Since only part of the material below is wanted, output exactly the lines from the one with "- Iwasaki, T.;" up to and including the one with "боје тропских мора.".

SUPPLIED MATERIAL:
--- START ---

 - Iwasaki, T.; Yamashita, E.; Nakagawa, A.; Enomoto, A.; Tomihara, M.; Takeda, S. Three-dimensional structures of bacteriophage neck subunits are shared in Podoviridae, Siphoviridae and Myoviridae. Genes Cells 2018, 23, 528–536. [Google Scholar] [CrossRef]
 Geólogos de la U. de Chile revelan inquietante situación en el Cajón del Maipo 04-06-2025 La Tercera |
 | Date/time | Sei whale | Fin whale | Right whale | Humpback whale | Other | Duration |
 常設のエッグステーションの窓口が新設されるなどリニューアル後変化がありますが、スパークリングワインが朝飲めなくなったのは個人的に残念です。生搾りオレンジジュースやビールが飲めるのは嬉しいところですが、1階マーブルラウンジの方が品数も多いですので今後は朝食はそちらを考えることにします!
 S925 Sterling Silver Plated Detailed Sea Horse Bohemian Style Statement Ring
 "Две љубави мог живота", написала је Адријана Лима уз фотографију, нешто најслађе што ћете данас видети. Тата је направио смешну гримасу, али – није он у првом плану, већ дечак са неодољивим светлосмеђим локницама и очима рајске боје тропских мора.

--- END ---
--- START ---

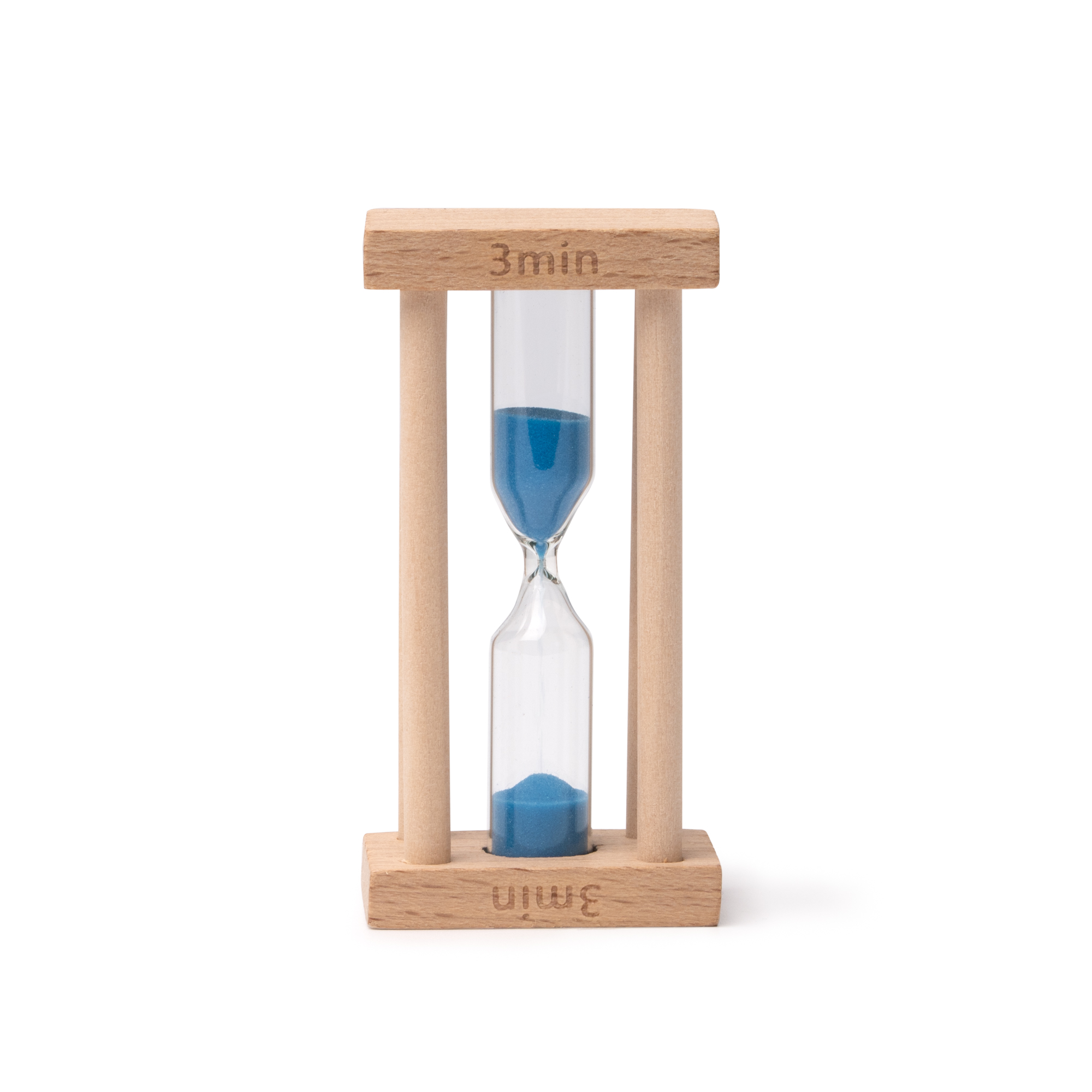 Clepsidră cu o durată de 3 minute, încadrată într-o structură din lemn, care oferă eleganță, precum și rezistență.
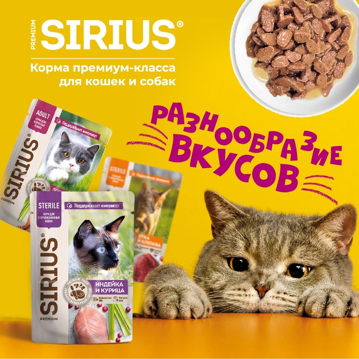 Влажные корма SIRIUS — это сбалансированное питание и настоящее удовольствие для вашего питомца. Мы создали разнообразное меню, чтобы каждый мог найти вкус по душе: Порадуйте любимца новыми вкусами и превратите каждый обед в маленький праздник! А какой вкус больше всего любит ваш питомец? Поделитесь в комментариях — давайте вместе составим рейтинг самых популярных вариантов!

--- END ---

SOLVED EXERCISE:
 - Iwasaki, T.; Yamashita, E.; Nakagawa, A.; Enomoto, A.; Tomihara, M.; Takeda, S. Three-dimensional structures of bacteriophage neck subunits are shared in Podoviridae, Siphoviridae and Myoviridae. Genes Cells 2018, 23, 528–536. [Google Scholar] [CrossRef]
 Geólogos de la U. de Chile revelan inquietante situación en el Cajón del Maipo 04-06-2025 La Tercera |
 | Date/time | Sei whale | Fin whale | Right whale | Humpback whale | Other | Duration |
 常設のエッグステーションの窓口が新設されるなどリニューアル後変化がありますが、スパークリングワインが朝飲めなくなったのは個人的に残念です。生搾りオレンジジュースやビールが飲めるのは嬉しいところですが、1階マーブルラウンジの方が品数も多いですので今後は朝食はそちらを考えることにします!
 S925 Sterling Silver Plated Detailed Sea Horse Bohemian Style Statement Ring
 "Две љубави мог живота", написала је Адријана Лима уз фотографију, нешто најслађе што ћете данас видети. Тата је направио смешну гримасу, али – није он у првом плану, већ дечак са неодољивим светлосмеђим локницама и очима рајске боје тропских мора.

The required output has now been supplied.